Exactly the moment when she knew her instincts were wrong.
“You’re right. I need to develop this plan more. I’ll come back to you when I can answer that question.” She took a deep breath. “There’s something else. Tain Shir made an . . . alarming suggestion to me.”
Yawa laid her hands flat on the table and pressed till it creaked. “What suggestion?”
“She thinks there are more cryptarchs than the seven we know.”
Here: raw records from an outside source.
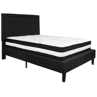 Flash Furniture Roxbury Tufted Upholstered Platform Bed in Black Fabric with Pocket Spring Mattress, Full (SLBM22)
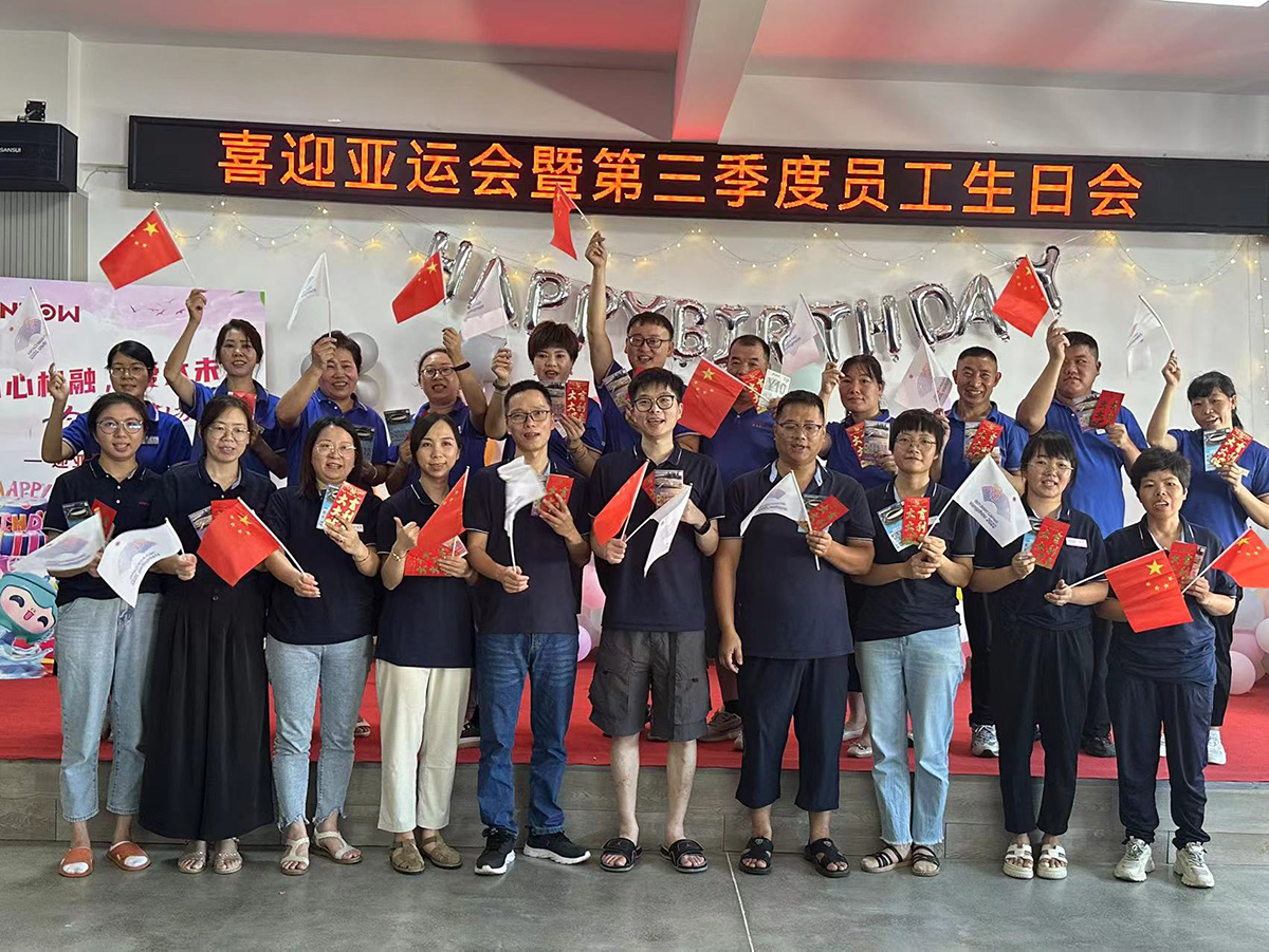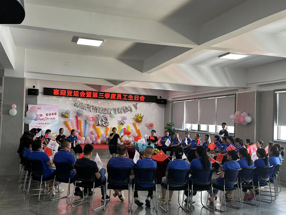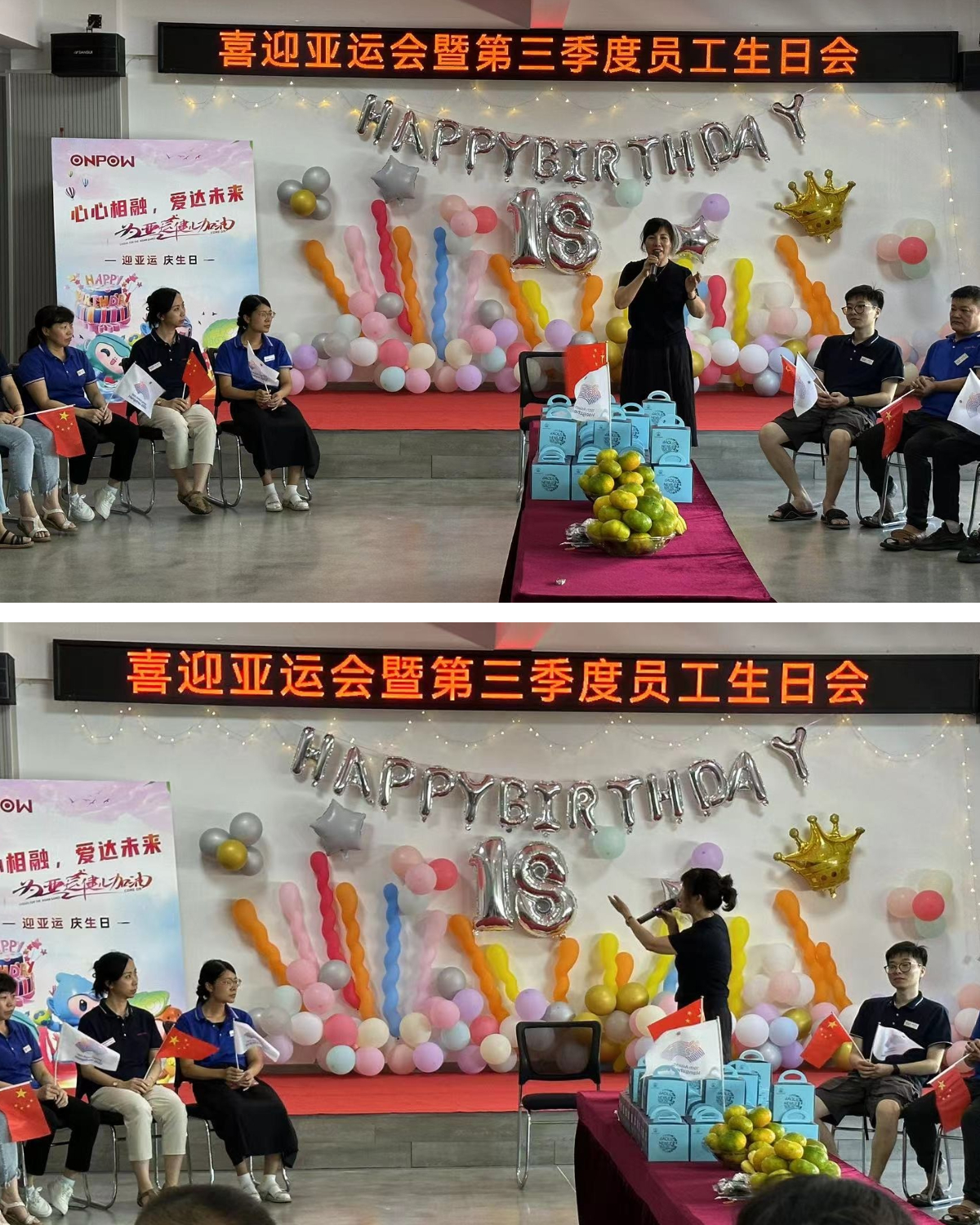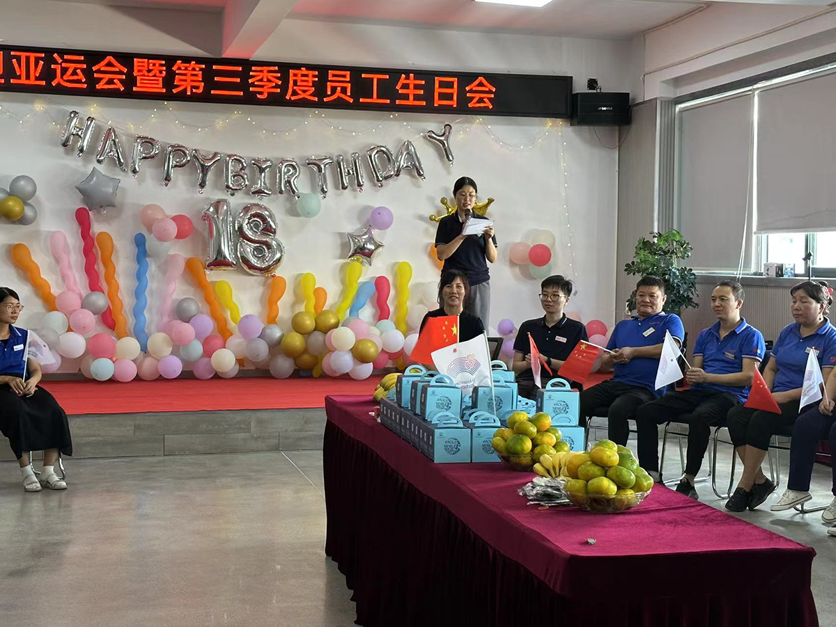 环节二:倪董为寿星们致生日贺词。一份祝福,一份真诚,在这个特别的日子里,倪董代表公司股东携全体员工为寿星们送上最真挚的生日祝福,祝大家生日快乐!愿所有的幸福、温馨、好运都永远围绕陪伴着你们;公司有今天的发展,离不开同仁们的辛勤付出,默默工作,心表感激;同时祝大家工作愉快,明天更加美好;今天的集体生日会正好赶上杭州第19届亚运会,“心心相融,@未来”,大家齐聚一堂,共为亚运健儿加油!
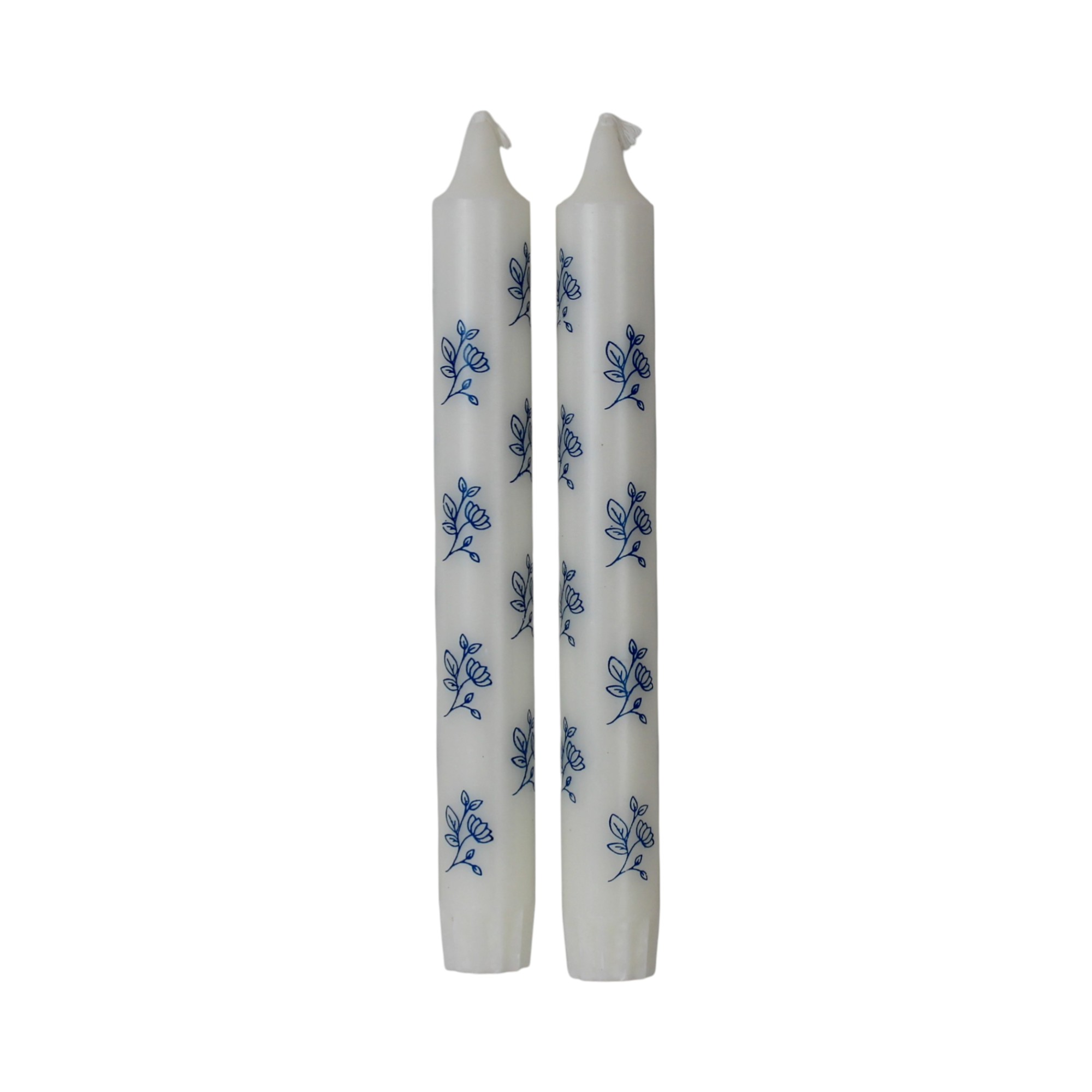 Tafelkerze mit Muster, weiß mit blauen Blumen, 100% reines Stearin, 19 cm (2 stk.)
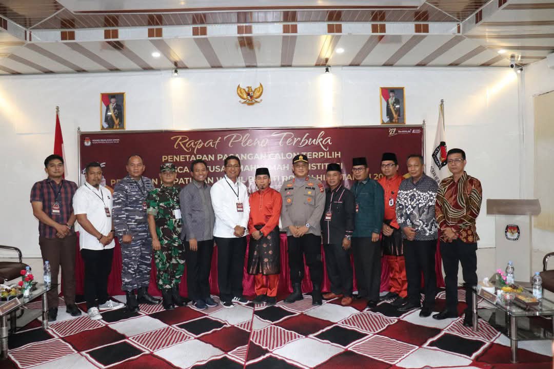 Rapat pleno KPU dalam rangka penetapan pasangan calon Bupati dan Wakil Bupati terpilih Kabupaten Rokan Hilir periode 2025-2030 ini dihadiri Wakil Bupati Rohil H.Sulaiman, Kapolres Rohil AKBP Isa Imam Syahroni dan Forkopimda Lainnya, Anggota KPU Provinsi Riau, Paslon Bupati dan Wakil Bupati Rohil terpilih H. Bistamam dan Jhoni Charles, Wakil Ketua DPRD Basiran Nur Effendi, Ketua MUI Rohil Suhaimi, Bawaslu Rohil serta perwakilan Partai Politik dan Tim pemenangan.
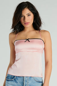 Cute Mentality Lace-Up Satin Cami Tank Top
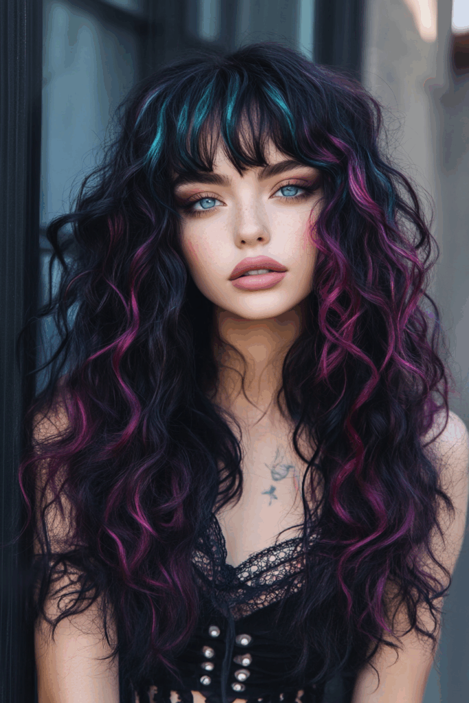 Inject some fun with playful multicolor streaks woven through curly locks. This look is artistic and vibrant, perfect for festivals or anyone who loves a touch of whimsy. It’s a real conversation starter!
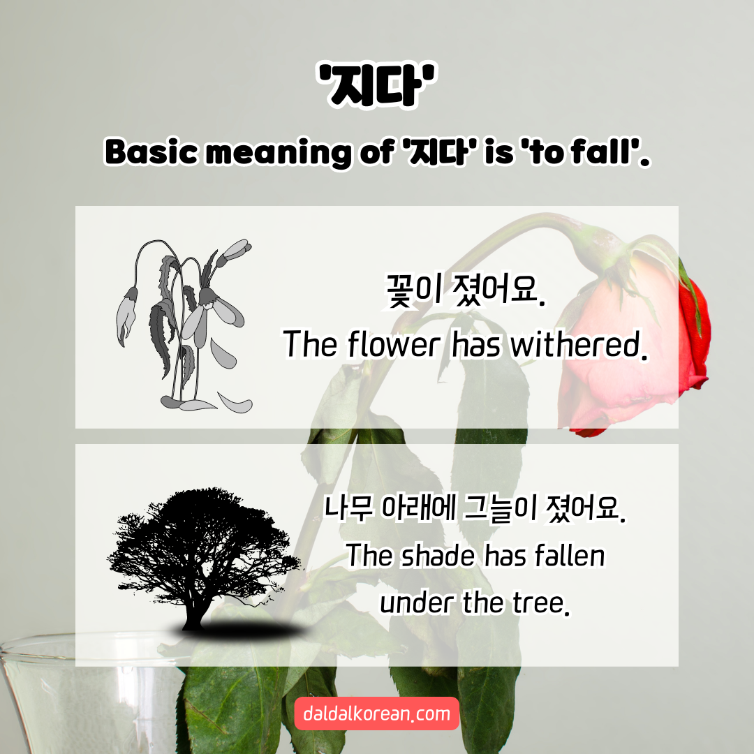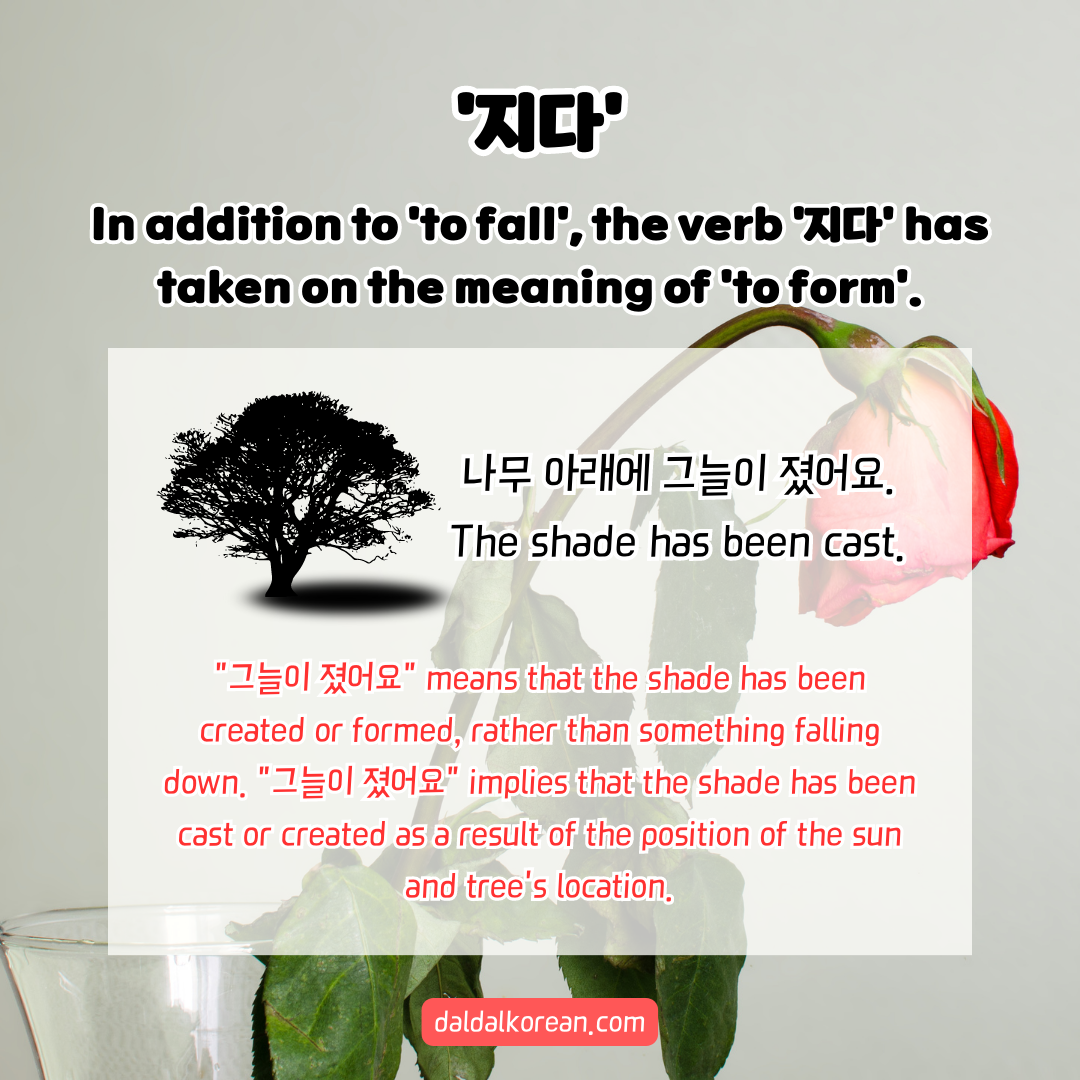 In addition to 'to fall', the verb '지다' has taken on the meaning of 'to form'.
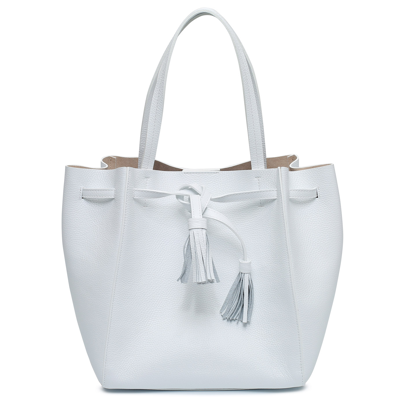 Комплектация: боковые ремешки с кисточками для изменения формы сумки, съемная косметичка
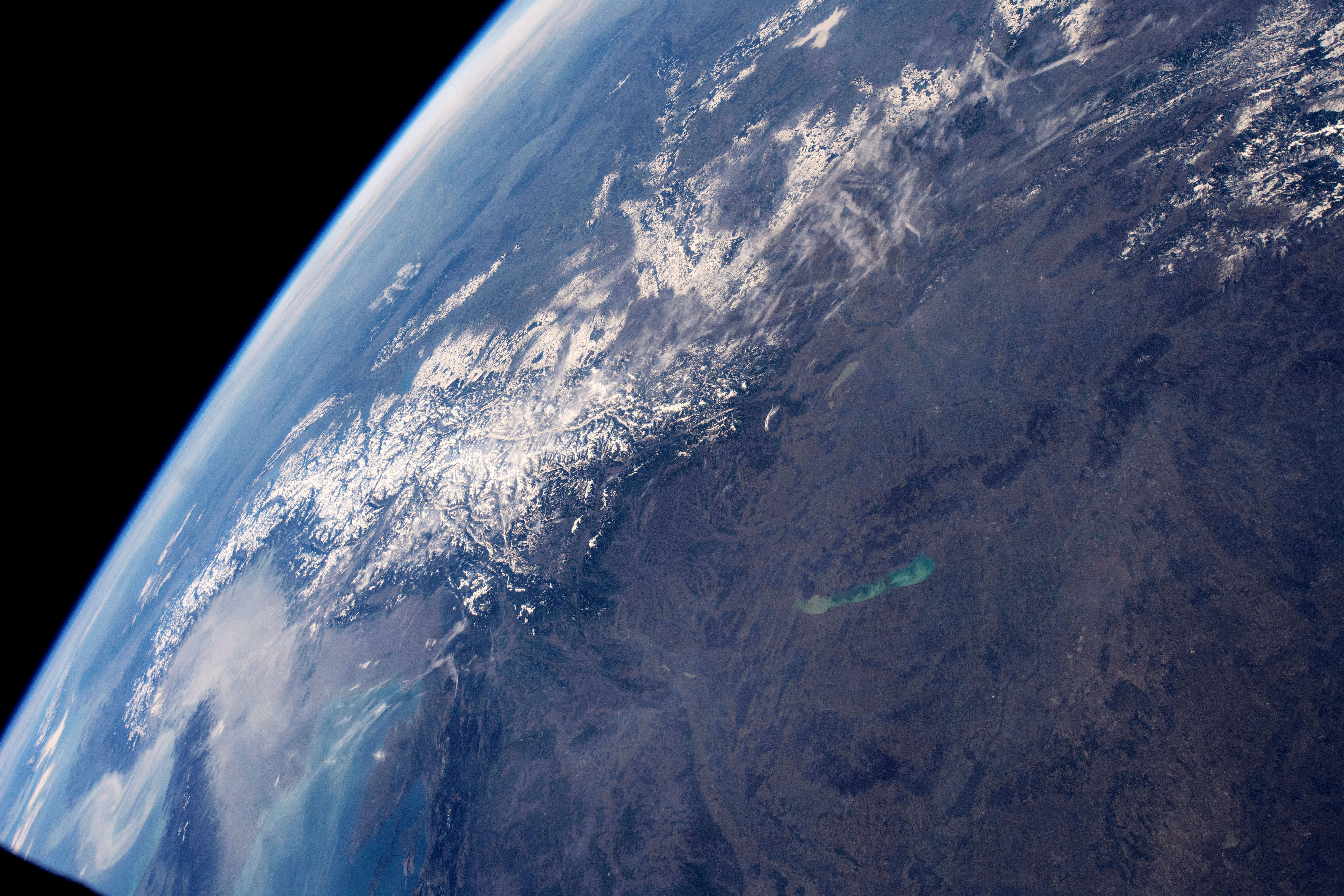 2019-02-16 - Photo des Alpes et du lac Balaton, en Hongrie, prise par David Saint-Jacques pendant sa mission spatiale. (Source : ASC/NASA.)
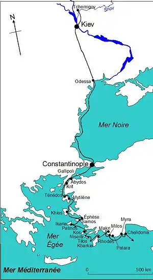 En su peregrinación por Tierra santa, Daniel se dirigió a Constantinopla, donde embarcó para Jaffa, pasando antes por Éfeso, Chipre y otros enclaves de su ruta marítima. Puede datarse con certeza el momento de su peregrinación porque hace abiertamente referencia al Gran-Príncipe de la Rus de Kiev Sviatopolk II Iziaslávich .
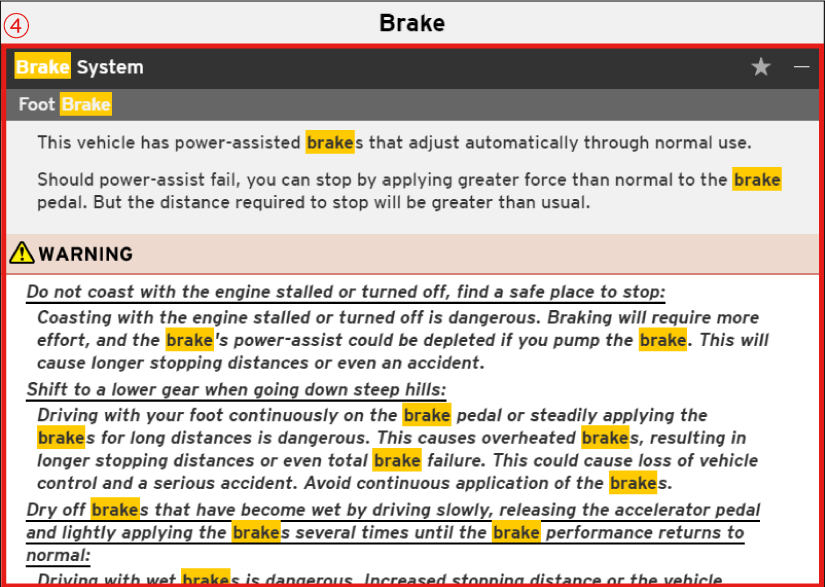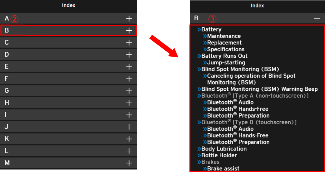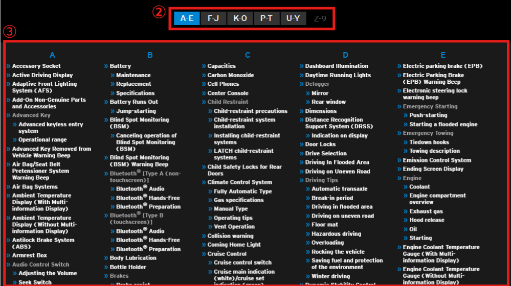 You can search for the information you need by selecting the scenario in which you are driving the vehicle.
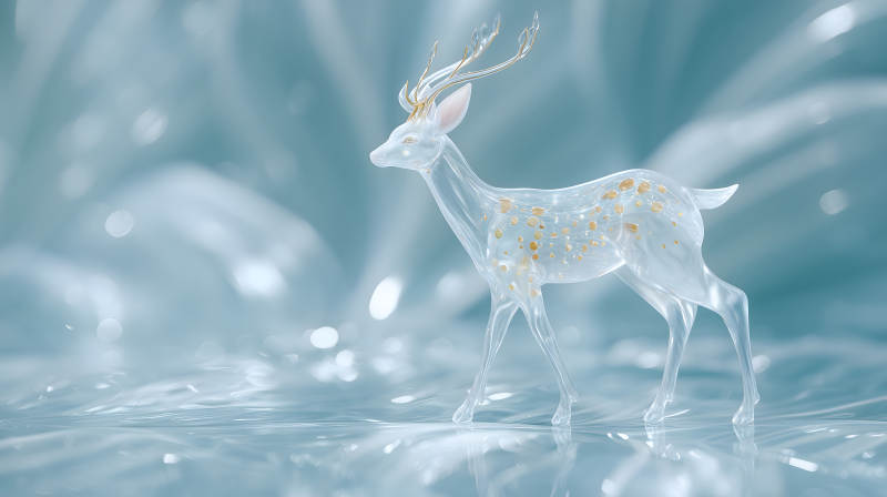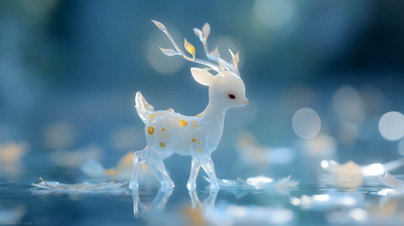 水晶精灵鹿在水面

Blue eyes narrowed in brown folds. “Explain.”
“She thinks that the Throne we know is just one cell of a larger organization. Our cell handles matters out on the periphery of the Empire. That’s why we’re arranged like a tiny model of the Imperial Republic and its surrounds—a Taranoki woman, an Aurdwynni woman, a Stakhi man, two Falcresti men, Renascent, and Stargazer. Maybe Stargazer is the Oriati representative? Anyway, listen,” Barhu leaned closer, as delighted as she was terrified, she did so love the intrigue, the moment when your understanding of the world unfolded to reveal a secret diagram scrawled within, “in the grand scheme, most of Falcrest’s power is concentrated in Falcrest. Doesn’t it make sense the Throne would have another cell there? A model of the home province’s interior, maybe. With members from the different cities, maybe. Or the different ministries?”